The Auditor-General has reported on a loss of $3.7 million to ACT taxpayers because betterment taxes on four redevelopment projects were under-assessed.
It tends to confirm complaints going back almost two decades that organisations granted leases for one purpose were making windfalls when the lease purpose was changed for another purpose. Sporting and charitable groups, especially, have made unjustified windfalls by carving off part of their land for commercial and residential development. The practice must stop. The public is entitled to get back the maximum reasonably possible in these circumstances.
The present Attorney-General, Gary Humphries, has blamed the previous Labor administration because the projects under scrutiny were assessed in 1994.
The then Planning Minister, Bill Wood, has blamed administrators and the hiatus between a federal administration and self-government. That seems a lame excuse.

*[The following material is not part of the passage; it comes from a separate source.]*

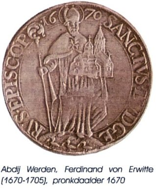 Er zijn ook een paar pronkdaalders afgebeeld uit 1670 en 1727 (zie de afbeelding rechts). Daar gaat het om munten uit Werden. Op die pronkdaalders staat de bisschop wel afgebeeld.De Muntkoerier bevat ook circa 4 pagina's uitleg over wie die Ludger eigenlijk is. Daar staat voor ons uiteraard weinig nieuws bij. De overvloedig aanwezige afbeeldingen daar, komen mij allemaal bekend voor. |

The question is now raised as to how many other developments (before and after 1994) have been under-assessed for betterment tax and how much more revenue has been lost that could have been spent on education, health and debt reduction. A review of past betterment assessments would be a good idea _ certainly as warranted as the second review into the Vitab fiasco. The important thing is to learn from what the auditor has pointed out and to ensure that no more public land assets get diverted through the failure to raise proper betterment taxes when land use changes.
The issue takes on further urgency when viewed in the context of a reducing territorial tax base and generally poor economic conditions in the territory. If governments fail to levy proper betterment it means more taxes or fewer government services elsewhere. It also means, in effect, that some developers are getting what amounts to a government grant without the grant appearing in public budget documents. This lack of transparency is troubling.